In March 2008,it ran an article, "The Next Slum?", which explores the topic, "The subprime crisis is just the tip of the iceberg. Fundamental changes in American life may turn today’s McMansions into tomorrow’s tenements.":
http://www.theatlantic.com/doc/200803/subprime
This month's issue includes, "American Murder Mystery," which asserts that the recent spread of crime in mid size cities has resulted from the Section 8 policy of relocating persons with housing assistance away from inner city projects to the suburbs.

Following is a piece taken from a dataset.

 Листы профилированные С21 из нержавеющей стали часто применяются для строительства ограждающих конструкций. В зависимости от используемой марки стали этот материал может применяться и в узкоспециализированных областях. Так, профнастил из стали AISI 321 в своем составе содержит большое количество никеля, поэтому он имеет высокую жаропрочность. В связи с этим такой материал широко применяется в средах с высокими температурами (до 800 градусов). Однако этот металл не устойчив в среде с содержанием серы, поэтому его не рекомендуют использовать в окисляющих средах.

http://www.theatlantic.com/doc/200807/memphis-crime?ca=NqTJl5tHooxWMZidIYnSrqNvzcHr2DX4xtVBXDIjzZY%3D
According to the "The Next Slum?":
"The decline of places like Windy Ridge and Franklin Reserve is usually attributed to the subprime-mortgage crisis, with its wave of foreclosures. And the crisis has indeed catalyzed or intensified social problems in many communities. But the story of vacant suburban homes and declining suburban neighborhoods did not begin with the crisis, and will not end with it. A structural change is under way in the housing market—a major shift in the way many Americans want to live and work. It has shaped the current downturn, steering some of the worst problems away from the cities and toward the suburban fringes. And its effects will be felt more strongly, and more broadly, as the years pass. Its ultimate impact on the suburbs, and the cities, will be profound."
...
"For 60 years, Americans have pushed steadily into the suburbs, transforming the landscape and (until recently) leaving cities behind. But today the pendulum is swinging back toward urban living, and there are many reasons to believe this swing will continue. As it does, many low-density suburbs and McMansion subdivisions, including some that are lovely and affluent today, may become what inner cities became in the 1960s and ’70s—slums characterized by poverty, crime, and decay."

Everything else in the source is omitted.